Could There Still Be Hope For Your Restaurant?
What happens to your restaurant after COVID? The detailing descriptions of the $670 billion Paycheck Protection Program, which issued paycheck protection loans, created by the Cares Act, are also the most frustrating, especially for restaurant owners. These loans are said to be forgiven if all employees are kept on the payroll for eight weeks and the money is divided up by 75% for payroll and 25% for the remainder of expenses like rent, mortgage interest, or utilities.
So how can a restaurant that has been mandated to close utilize these funds in this way? The short answer: they can’t, and when they can re-open, they will need to operate at a limited capacity with a limited amount of staff.
You spoke, and congress listened.
The restaurant and hospitality industry are the largest hit industry throughout this pandemic, and they will continue to feel the impact for months to come. Last week, representatives of congress introduced the Paycheck Protection Flexibility Act, which would extend the period in which small businesses can use the money and ease restrictions on the amount they can spend on non-payroll expenses such as rent.
So how would this look?
1. Expands forgiveness for expenses beyond the eight-week period
2. Eliminates the capping of non-payroll expenses from 25%
3. Extends loan terms beyond 2 years
4. Allows deferment on payroll tax for businesses
5. Extends deadlines of re-hiring furloughed or laid-off workers
In addition, a newly proposed bill supporting small and medium-sized restaurants that have struggled to access and make use of Paycheck Protection Program (PPP) has been introduced.

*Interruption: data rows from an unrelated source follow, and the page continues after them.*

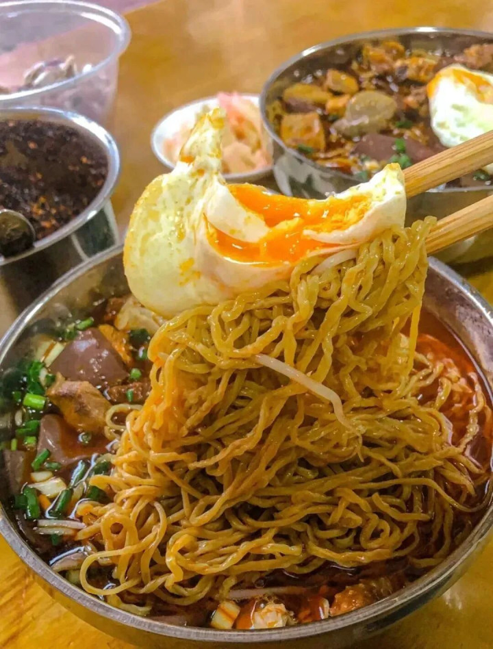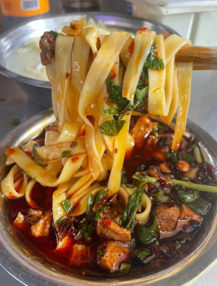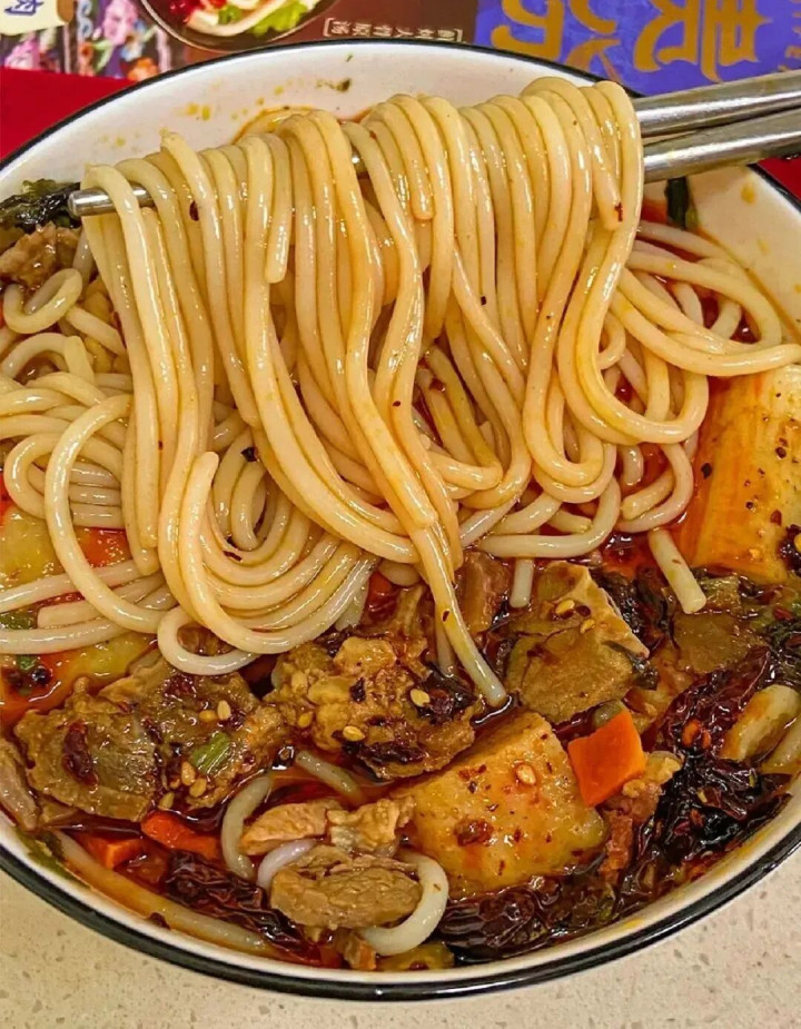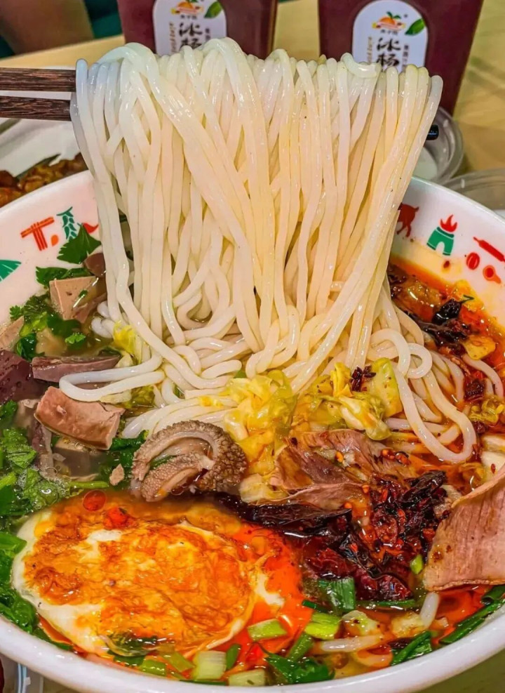 而贵阳老素粉,用的恰是酸粉。这种粉看着有筷子一般粗,米的浓度和密度也高于一般米粉,滋味微酸,又很有嚼劲,还带有多少野性的颗粒感,再配上爽口的佐料,不到5分钟就能嗦完一碗。 又因为制作酸粉对温度、湿度和手法都很进展,是以离开贵阳是很难再吃到的。 肠旺面 肠旺面最早是“肠旺粉”,它跟牛肉粉相通是腹地东谈主缺不了的“国民款”。但当牛肉粉申明大噪后,贵州东谈主就认定米粉的最好搭档是牛肉了。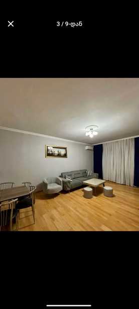 For rent: 3-room apartment on Abuseridze #21 2 bright bedrooms Separate living room Separate kitchen No balcony 90 sq.m. Heating: Karm. Price: 1200 GEL.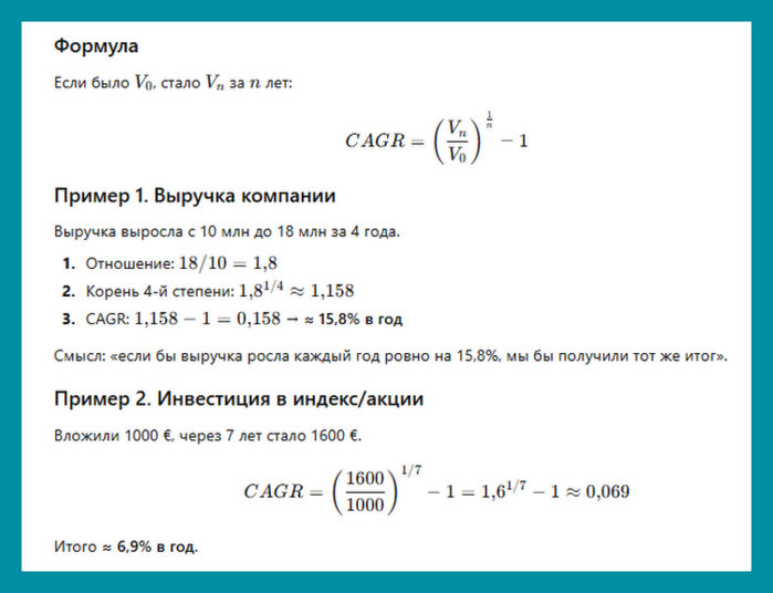 CAGR (Compound Annual Growth Rate) — это среднегодовой темп роста с учётом сложного процента, то есть такая постоянная годовая ставка, при которой начальная величина за n лет «доросла бы» до конечной. Это удобно для сравнения разных инвестиций с разной длительностью.

The Real Economic Support That Acknowledges Unique Restaurant Assistance Needed to Survive Act of 2020, or simply, the Restaurants Act, would create a $120 billion grant program tailored at the 500,000 plus medium to small restaurants, and would infuse them with the cash needed to stay open through the rest of the year. This bill aims to help restaurants ride out the pandemic as they face a future of limited dining capacity, public fear and rising costs to cover masks, gloves and cleaning products with very few strings attached.
So how would this look?
1. Under the Restaurants Act, funds are available only to independent establishments with fewer than 20 locations under the same name. This was a caveat designed to avoid a repeat of PPP embarrassments where huge franchises capitalized on these funds and small businesses were left in the dark.
2. Funding would be available until end of 2020
3. The grant covers restaurants’ difference between revenue from 2019 and the anticipated revenue through 2020, and will be capped at $10 million
4. It could be used to cover payroll, benefits, mortgage, rent, protective equipment and cleaning supplies, as well as debts and outstanding vendor invoices with no restrictions on how to divvy it up.
The act is far from being signed into a bill of law, but is being widely supported by the likes of chefs and restaurant groups, including the Independent Restaurant Coalition — an advocacy group that took part in a restaurant relief roundtable discussion at the White House earlier this week.